Magistrado ponente: Luis Benedicto Herrera Díaz

CORTE SUPREMA DE JUSTICIA Radicación n.° 63476 LUIS BENEDICTO HERRERA DÍAZ Magistrado ponente STL8533-2021 Radicación n.° 63476 Acta 24 Bogotá, D. C., treinta (30) de junio de dos mil veintiuno (2021). Se resuelve la acción de tutela presentada por MARÍA MARGARITA DEL CARMEN CARDONE AFANADOR contra la SALA LABORAL DEL TRIBUNAL SUPERIOR DE IBAGUÉ y el JUZGADO CUARTO LABORAL DEL CIRCUITO de esa misma ciudad, trámite al cual fue vinculada COLPENSIONES, LILIA GAITÁN ROMERO y demás partes e intervinientes del proceso ordinario laboral n° 73001310500420160000601.

I.

ANTECEDENTES La accionante instauró acción de tutela con el propósito de obtener el amparo de sus derechos fundamentales al debido proceso, defensa, seguridad social y el principio de «prevalencia del derecho sustancial sobre el ritual», presuntamente vulnerados por los accionados. Refirió que cuenta con 63 años de edad; que el 7 de julio de 1984 contrajo nupcias por el rito católico con Jaime Santiago Puertas con quien convivió hasta el 30 de septiembre de 2014, cuando falleció; que dentro de dicha unión procrearon a sus hijos: Jaime Santiago y María Camila y que dependió económicamente de su esposo, dado que aun cuando es de profesión odontóloga, no la puedo ejercer debido a la cirugía de cráneo a la que fue sometida por « HERNIA DE AMIGDALAS CEREBELOSAS HASTA C1 de la columna con COMPRESIÓN BULBOMEDULAR, comprometiendo el canal cefalorraquiedo», procedimiento que fue realizado en la Clínica Medicadiz S.A., en el 2011, que costeó su cónyuge.

Expuso que su esposo era de profesión ingeniero agrónomo y trabajó al servicio de SERVIARROZ en Lérida (Tolima); que en dicho lugar arrendó una vivienda para «descansar al medio día cuando las exigencias laborales así lo permitían», sin que por ello su domicilio en Mariquita dejara de serlo, dado que siempre llegaba en las noches a compartir con ella y sus hijos.

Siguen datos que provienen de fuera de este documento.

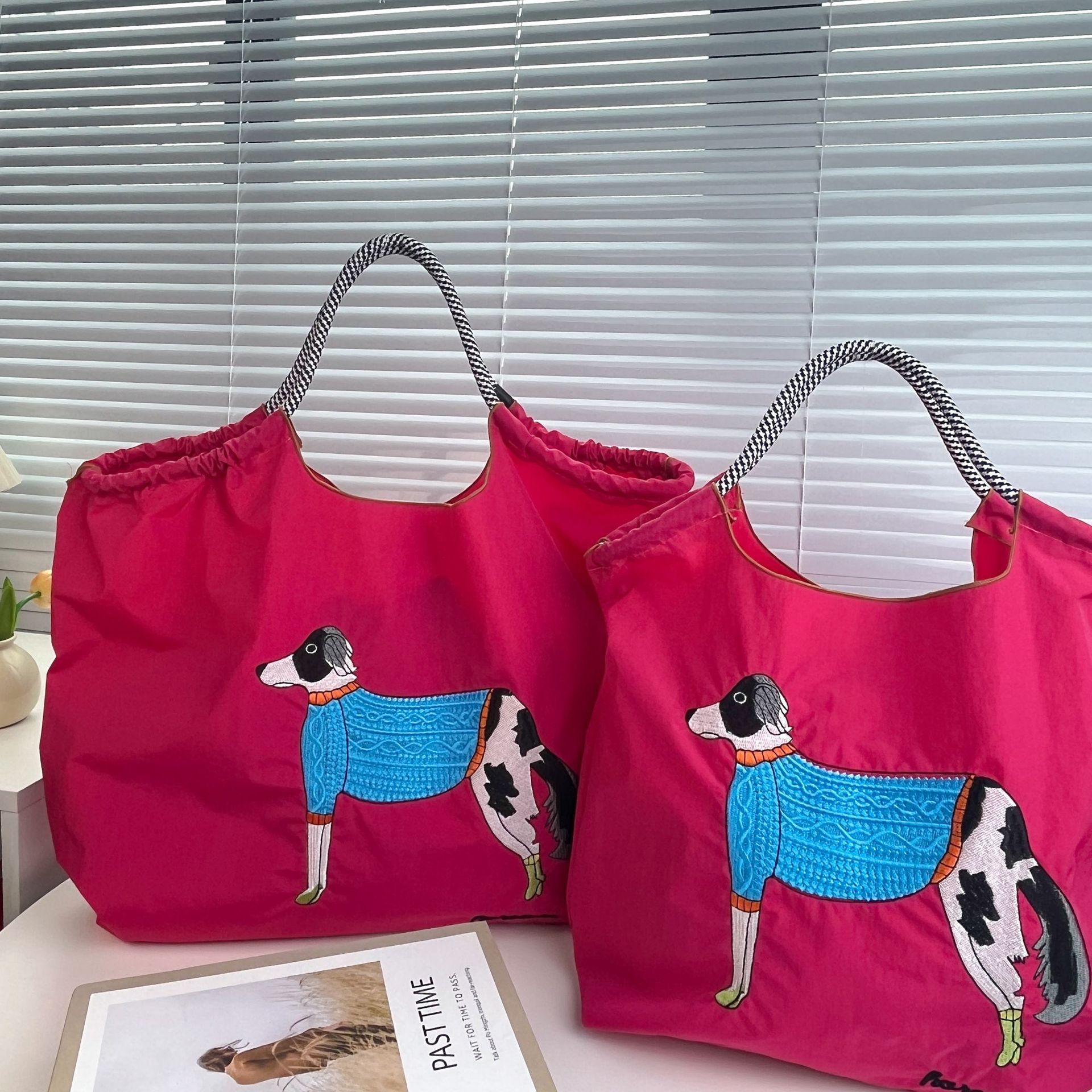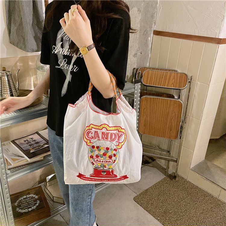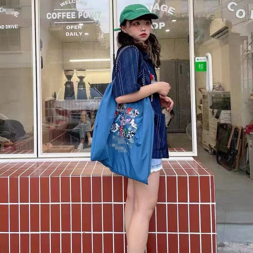 폭발성 토트 백 여성 나일론 숄더 백 올 매치 캔버스 백 방수 토트 백 휴대용 자수 크로스 바디 백스토어 가기
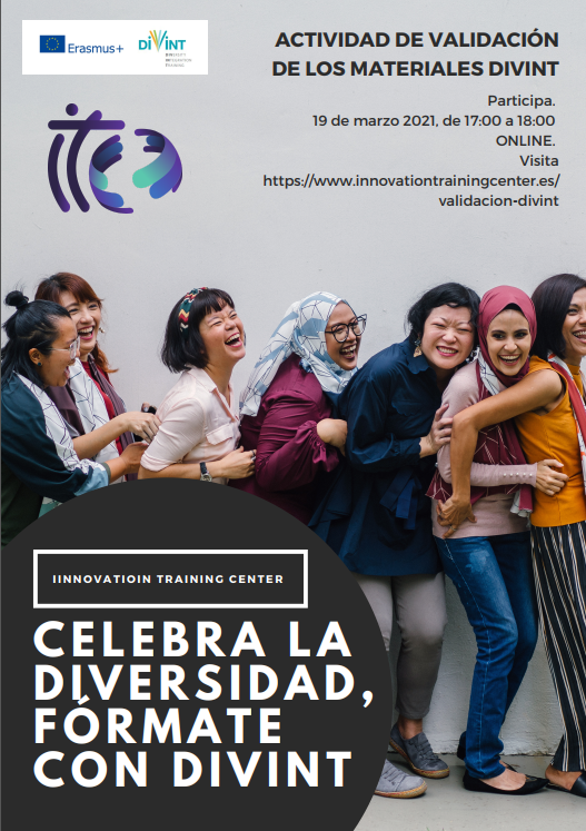 El próximo viernes 19 de Marzo presentaremos el proyecto DIVINT (DIVERSITY, INTEGRATION, TRAINING) y su propuesta para capacitar a los educadores y formadores que trabajan con migrantes para hacer frente a la diversidad e impulsar la educación intercultural en Europa a través de una educación integradora e inclusiva. De este modo, presentaremos tanto el KIT DE HERRAMIENTAS , como la plataforma online adaptada a las necesidades de profesores y alumnos en donde ITC hemos desarrollado 2 recursos que ya están online, en castellano:
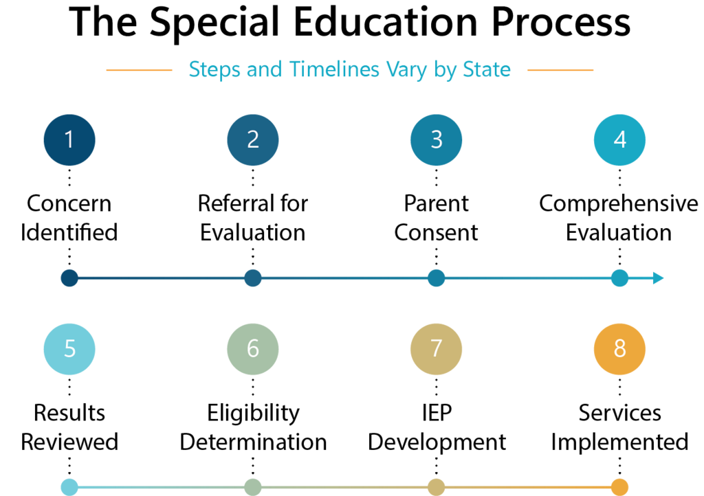 The special education evaluation process follows a structured series of steps established under the federal law known as IDEA. These steps are designed to determine whether a student has a disability that affects their education and what support may be needed. While the process is intended to be collaborative, it can often feel overwhelming for families who are unfamiliar with the procedures, terminology, and legal requirements involved. The timeline below provides a general overview of how the process typically unfolds.

Indicó que mediante Resolución n° GNR71500 del 4 de marzo de 2014, el Instituto de Seguros Sociales le reconoció a su esposo la pensión de vejez; que al reclamar la pensión de sobrevivientes acudió simultáneamente ella y Lilia Gaitán Romero, quien « alegó tener mejor derecho a la pensión en su calidad de compañera permanente» y Colpensiones, por acto administrativo n° GNR 99553 de abril de 2015, negó la prestación; que los recursos de ley formulados fueron desatados a través de los proveídos GNR 23458 de 5 de agosto y VPB 65349 de 8 de octubre, ambos de 2015, manteniendo incólume la decisión hasta tanto la jurisdicción ordinaria definiera el conflicto suscitado entre compañera y cónyuge.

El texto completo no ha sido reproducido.